PyDeequ 2.0 introduces a new multi-engine architecture with DuckDB and Spark Connect backends:

Feature PyDeequ 1.x PyDeequ 2.0
Backends Spark only (Py4J) DuckDB, Spark Connect
JVM Required Yes No (DuckDB) / Yes (Spark)
Assertions Python lambdas Serializable predicates
Remote Execution No Yes (Spark Connect)

Key Benefits:

  • DuckDB backend - Lightweight, no JVM required, perfect for local development and CI/CD
  • Spark Connect backend - Production-scale processing with remote cluster support
  • Serializable predicates - Replace Python lambdas with predicate objects (eq, gte, between, etc.)
  • Unified API - Same code works with both backends

Architecture

flowchart TB
    subgraph CLIENT["Python Client"]
        A["pydeequ.connect()"] --> B["Engine Auto-Detection"]
    end

    B --> C{Connection Type}

    C -->|DuckDB| D["DuckDBEngine"]
    C -->|SparkSession| E["SparkEngine"]

    subgraph DUCKDB["DuckDB Backend (Local)"]
        D --> F["SQL Operators"] --> G["DuckDB"] --> H["Local Files<br/>Parquet/CSV"]
    end

    subgraph SPARK["Spark Connect Backend (Distributed)"]
        E --> I["Protobuf"] -- gRPC --> J["Spark Connect Server"]
        J --> K["DeequRelationPlugin"] --> L["Deequ Core"] --> M["Data Lake"]
    end

    H --> N["Results"]
    M --> N
    N --> O["MetricResult / ConstraintResult / ColumnProfile"]

    classDef duckdb fill:#FFF4CC,stroke:#E6B800,color:#806600;
    classDef spark fill:#CCE5FF,stroke:#0066CC,color:#003366;
    class D,F,G,H duckdb;
    class E,I,J,K,L,M spark;
Loading

How it works:

  • Auto-detection: pydeequ.connect() inspects the connection type and creates the appropriate engine
  • DuckDB path: Direct SQL execution in-process, no JVM required
  • Spark path: Protobuf serialization over gRPC to Spark Connect server with Deequ plugin
  • Unified results: Both engines return the same MetricResult, ConstraintResult, and ColumnProfile types

Feature Support Matrix

Feature PyDeequ 1.x PyDeequ 2.0 (DuckDB) PyDeequ 2.0 (Spark)
Constraint Verification
VerificationSuite Yes Yes Yes
Check constraints Yes Yes Yes
Custom SQL expressions Yes Yes Yes
Metrics & Analysis
AnalysisRunner Yes Yes Yes
All standard analyzers Yes Yes Yes
Column Profiling
ColumnProfilerRunner Yes Yes Yes
Numeric statistics Yes Yes Yes
KLL sketch profiling Yes No Yes
Low-cardinality histograms Yes Yes Yes
Constraint Suggestions
ConstraintSuggestionRunner Yes Yes Yes
Rule sets (DEFAULT, EXTENDED, etc.) Yes Yes Yes
Train/test split evaluation Yes No Yes
Metrics Repository
FileSystemMetricsRepository Yes Planned Planned
Execution Environment
JVM Required Yes No Yes
Local execution Yes Yes Yes
Remote execution No No Yes

Installation

PyDeequ 2.0 supports multiple backends.

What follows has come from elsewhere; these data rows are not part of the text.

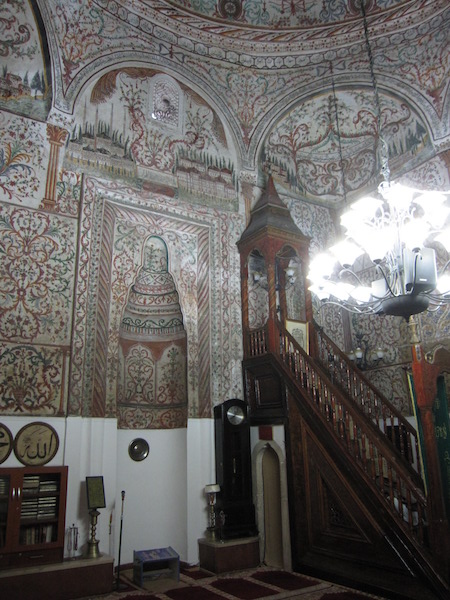 Dann ging’s vorbei an der Oper und dem Nationalmuseum auf den Platz, wo das Reiterdenkmal für den Nationalhelden steht. Gleich in der Nähe erhebt sich die Et’hem Bey Moschee. Neugierig wie ich bin, habe ich mich rasch meines Schuhwerks entledigt und wurde dann auch von einem freundlichen Moslem ins Innere gebeten – die anderen blieben draußen – und zum Fotografieren aufgefordert, was ich denn auch getan habe. Die reiche Ausmalung mit vorrangig floralen Motiven faszinierte mich. Wie ich erfuhr, war sie während der Atheismus-Kampagne Hoxhas von der Öffentlichkeit nicht zu bewundern, wurde aber während dieser sogar restauriert, weil die Moschee unter Denkmalsschutz stand.
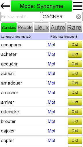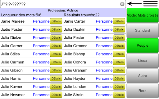 Cette application vous aidera à résoudre les mots croisés français et d\autres jeux de mots similaires. L\application utilise les lettres que vous connaissez déjà pour trouver une liste de réponses possibles. Il présente de nombreux avantages par rapport à des applications similaires: 1) Il contient une liste des noms de milliers de personnes célèbres, de lieux importants, de films, de livres, de personnages de fiction, d\œuvres d\art et plus. Ce sont souvent les réponses aux mots croisés 2) Fournit des filtres pour réduire la liste des réponses possibles. Ceci est essentiel lorsque seules quelques lettres sont connues. Par exemple, vous pouvez filtrer les mots rarement utilisés. 3) Choisissez la langue de la liste de mots, parmi une large gamme de dictionnaires téléchargeables. 36 langues sont actuellement disponibles (voir ci-dessous) 4) Modes pour les mots croisés, les anagrammes, les mots de code et les mots croisés cryptographiques. 5) Résout les réponses \deux mots\. Ceci est très utile en combinaison avec le prénom et le nom de personnes célèbres. Il trouve également des anagrammes de «deux mots» 6) Affichez les réponses dans plusieurs colonnes. Utilisation optimisée de l\espace écran. Profite pleinement de la taille de la tablette 7) Peut être lu en mode portrait ou paysage. Faites simplement pivoter votre appareil et l\affichage s\ajuste automatiquement 8) Le dictionnaire contient également des mots en langue étrangère. Ceux-ci se trouvent souvent dans certains mots croisés. Les mots étrangers sont l\anglais, le français, l\allemand, l\espagnol, l\italien et le latin 9) Contient environ 150000 synonymes, utilisant le thésaurus intégré, pour aider à trouver la solution à partir de l\indice. Toutes ces fonctionnalités sont disponibles sans connexion Internet et sont rarement trouvées dans des applications similaires. Autres fonctionnalités uniques à cette application: - Moteur de recherche facile à utiliser et très rapide. Les réponses possibles s\affichent au fur et à mesure que vous tapez - Très grande liste de mots, divisée en listes communes et rares, pour vous aider à trouver la bonne réponse - Voir la définition détaillée des mots des réponses possibles (connexion Internet requise) - Lien vers la page wiki pour les personnes célèbres, les lieux, les films, les livres, etc. (connexion Internet requise) - L\application peut être téléchargée sur une carte SD Les dictionnaires suivants sont pris en charge: anglais, français, allemand, espagnol, portugais, italien, néerlandais, suédois, danois, norvégien, finnois, polonais, hongrois, tchèque, russe, arabe, bulgare, croate, grec, indonésien, roumain, serbe, serbo-croate, slovaque, slovène, turc, ukrainien, afrikaans, albanais, azerbaïdjanais, estonien, letton, lithuanien, catalan, galicien, tagalog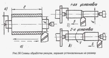 2. Обработка за один проход резцом, заранее установленным на размер (рис.38).(обработка на настроенном станке) В процессе обработки всей партии заготовок резец, установленный на размер d, не перемещается в поперечном направлении. После обтачивания детали на длине I её снимают, а резец отводят в исходное положение.(рис. а).

Install only what you need:

From PyPI (when published):

# DuckDB backend (lightweight, no JVM required)
pip install pydeequ[duckdb]

# Spark Connect backend (for production-scale processing)
pip install pydeequ[spark]

# Both backends
pip install pydeequ[all]

# Development (includes all backends + test tools)
pip install pydeequ[dev]

From GitHub Release (beta):

# Install beta wheel + DuckDB
pip install https://github.com/awslabs/python-deequ/releases/download/v2.0.0b1/pydeequ-2.0.0b1-py3-none-any.whl
pip install duckdb

# For Spark backend, also install:
pip install pyspark[connect]==3.5.0

Quick Start with DuckDB (Recommended for Getting Started)

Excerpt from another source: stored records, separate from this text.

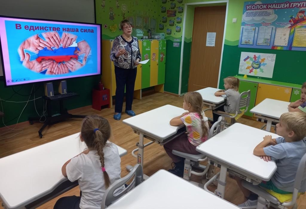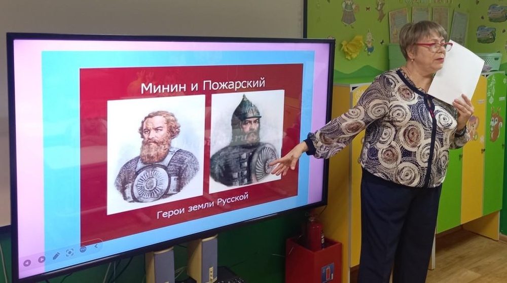 Детям рассказали об истории установления праздника, представили подробную информацию о событиях 1612 года, когда в едином духовном и ратном порыве народным ополчением под руководством К. Минина и Д. Пожарского была освобождена Москва. Дети также узнали историю православного праздника иконы Казанской Божией Матери, который празднуется в День народного единства.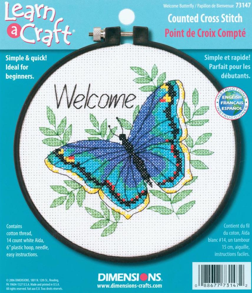 DIY Dimensions Welcome Butterfly Spring Summer Counted Cross Stitch Hoop Kit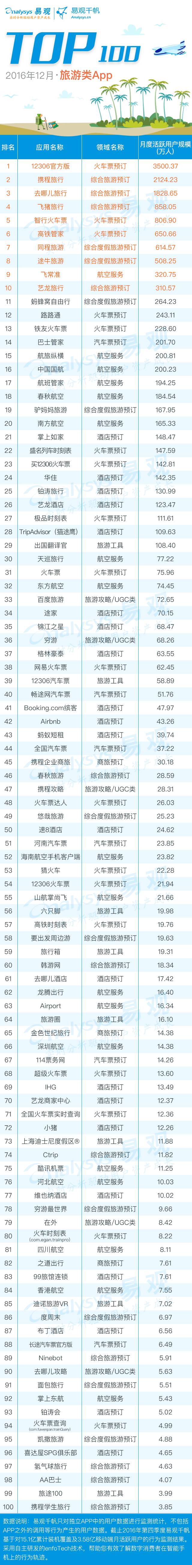 再过一天,就是举国欢庆集体玩耍的日子了,难得假期,你是陪家人还是出去浪?出行计划制定好了吗?不想有“我可能过了假春节”的感慨,这时候你就需要一款恰好的旅游“自救”App。我们基于易观千帆12月移动应用大数据,筛选了旅游类AppTOP100榜单供你出行参考!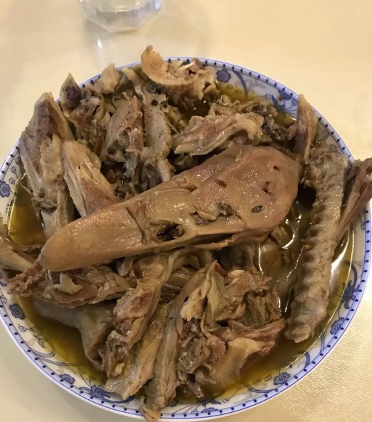 盐水鸭配花椒油?略显油腻但还是挺好吃的。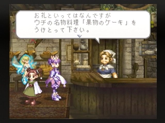 バルカンの魔法石と名物料理の果物のケーキを入手した。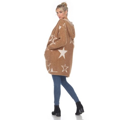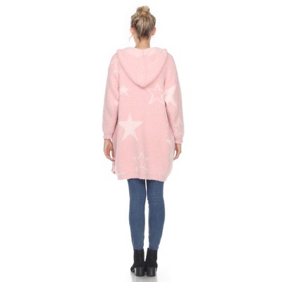 Maternity Hooded Open Front High Pile Fleece Coat -White Mark

The DuckDB backend is the easiest way to get started - no JVM or Spark server required.

Requirements

  • Python 3.9+

Installation

pip install pydeequ[duckdb]

Run Your First Check

import duckdb
import pydeequ
from pydeequ.v2.verification import AnalysisRunner, VerificationSuite
from pydeequ.v2.analyzers import Size, Completeness, Mean
from pydeequ.v2.checks import Check, CheckLevel
from pydeequ.v2.predicates import eq, gte

# Create a DuckDB connection and load data
con = duckdb.connect()
con.execute("""
    CREATE TABLE users AS SELECT * FROM (VALUES
        (1, 'Alice', 25),
        (2, 'Bob', 30),
        (3, 'Charlie', NULL)
    ) AS t(id, name, age)
""")

# Create an engine from the connection
engine = pydeequ.connect(con)

# Run analyzers
result = (AnalysisRunner(engine)
    .onData(table="users")
    .addAnalyzer(Size())
    .addAnalyzer(Completeness("id"))
    .addAnalyzer(Completeness("age"))
    .addAnalyzer(Mean("age"))
    .run())

print("Metrics:")
print(result.to_string(index=False))

# Run constraint checks
check = (Check(CheckLevel.Error, "Data quality checks")
    .hasSize(eq(3))
    .isComplete("id")
    .isComplete("name")
    .hasCompleteness("age", gte(0.5)))

result = (VerificationSuite(engine)
    .onData(table="users")
    .addCheck(check)
    .run())

print("\nConstraint Results:")
print(result.to_string(index=False))

con.close()

Quick Start with Spark Connect (Production Scale)

For production workloads and large-scale data processing, use the Spark Connect backend.

Requirements

  • Python 3.9+
  • Apache Spark 3.5.0+
  • Java 17 (Java 21+ has known compatibility issues with Spark 3.5)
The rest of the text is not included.